Closed max-ostapenko closed 1 week ago
Here is one of the tests from the crawl: https://webpagetest.httparchive.org/result/241008_Mx1WF_EO3TC/1/technologies/
Looking at the raw test result I don't see npm anywhere in the data:
detected: {
Page builders: "Webflow",
CMS: "Webflow",
Maps: "Leaflet 0.7.3",
CDN: "Cloudflare,Netlify,jsDelivr,Google Hosted Libraries,cdnjs",
Font scripts: "Typekit 1.21.0,Google Font API",
Comment systems: "Livefyre 0.7.3",
JavaScript libraries: "LazySizes,core-js 3.19.0,libphonenumber,jQuery 3.5.1,ClientJS 0.1.11,npm",
Performance: "LazySizes",
PaaS: "Netlify",
Security: "HSTS,Cloudflare Bot Management",
Analytics: "Google Analytics",
Browser fingerprinting: "ClientJS 0.1.11,npm",
Miscellaneous: "Open Graph"
},
detected_apps: {
Webflow: "",
Leaflet: "0.7.3",
Cloudflare: "",
Typekit: "1.21.0",
Livefyre: "0.7.3",
LazySizes: "",
core-js: "3.19.0",
Netlify: "",
libphonenumber: "",
jsDelivr: "",
jQuery: "3.5.1",
HSTS: "",
Google Hosted Libraries: "",
Google Font API: "",
Google Analytics: "",
cdnjs: "",
Cloudflare Bot Management: "",
ClientJS: "0.1.11,npm",
Open Graph: ""
},
It looks like whatever is extracting the version number for ClientJS is pulling a ,npm
with the version number which is probably confusing something that does the parsing.
From bigquery:
SELECT * FROM `httparchive.crawl_staging.pages` WHERE date = "2024-10-01" AND wptid = "241008_Mx1WF_EO3TC"
The technologies records are extracted here which is directly from the HAR.
I'll take a quick look at the agent code to see if I can just remove any commas from the resulting wappalyzer detections to make sure it doesn't throw anything off.
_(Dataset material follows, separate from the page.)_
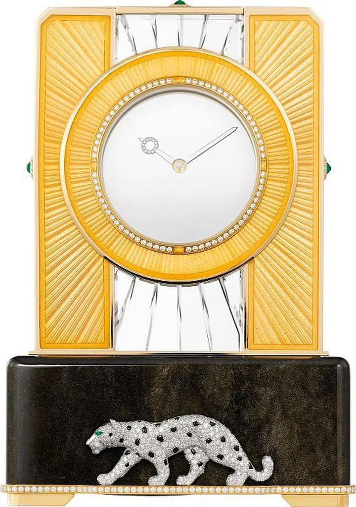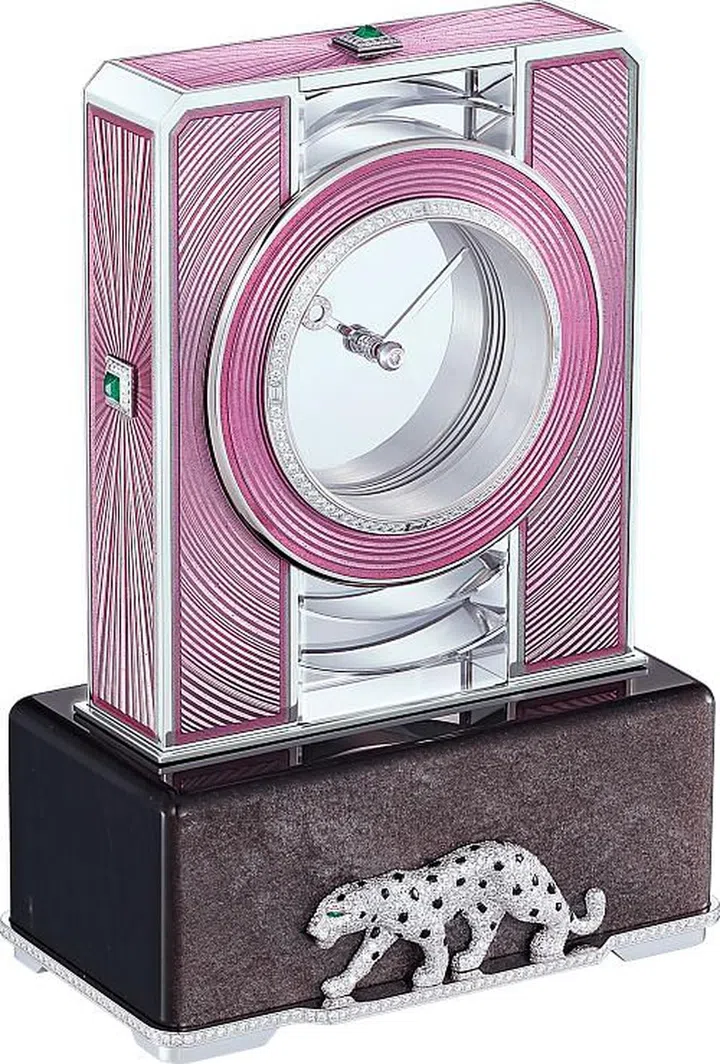 粉色和蓝色珐琅款的镶钻表圈外以同心圆环绕装饰;而黄色珐琅款的表圈四周则以太阳纹放射图案装饰。镶钻表圈的12时、3时、6时和9时位置设黄色蓝宝石或长方形切割钻石时标。在透明表盘两侧,饰有以金和珐琅点缀的凹槽图案。它与白水晶相映成辉,演绎深邃质感。座钟整体固定于黑曜石底座上,其色调随款式不同而有所变化。这正是卡地亚描绘猎豹生动姿态的舞台。钻石皮毛、缟玛瑙豹斑和祖母绿豹眼皆以立体浮雕手法呈现,猎豹仿佛在崭新、神秘而亲密的时光中优雅前行。

ok, just pushed a "fix" to strip commas out of all of the application names and version strings as they come out of wappalyzer so there won't be any more parsing errors. Doesn't fix whatever is going wrong with the ClientJS detection but at least it prevents unintended apps.
"_detected": {
"Page builders": "Webflow",
"CMS": "Webflow",
"Maps": "Leaflet 0.7.3",
"CDN": "Cloudflare,Netlify,jsDelivr,Google Hosted Libraries,cdnjs",
"Font scripts": "Typekit 1.21.0,Google Font API",
"Comment systems": "Livefyre 0.7.3",
"JavaScript libraries": "LazySizes,core-js 3.19.0,libphonenumber,jQuery 3.5.1,ClientJS 0.1.11npm",
"Performance": "LazySizes",
"PaaS": "Netlify",
"Security": "HSTS,Cloudflare Bot Management",
"Analytics": "Google Analytics",
"Browser fingerprinting": "ClientJS 0.1.11npm",
"Miscellaneous": "Open Graph"
},
"_detected_apps": {
"Webflow": "",
"Leaflet": "0.7.3",
"Cloudflare": "",
"Typekit": "1.21.0",
"Livefyre": "0.7.3",
"LazySizes": "",
"core-js": "3.19.0",
"Netlify": "",
"libphonenumber": "",
"jsDelivr": "",
"jQuery": "3.5.1",
"HSTS": "",
"Google Hosted Libraries": "",
"Google Font API": "",
"Google Analytics": "",
"cdnjs": "",
"Cloudflare Bot Management": "",
"ClientJS": "0.1.11npm",
"Open Graph": ""
},
Fix will be in the November crawl which should kick off tomorrow.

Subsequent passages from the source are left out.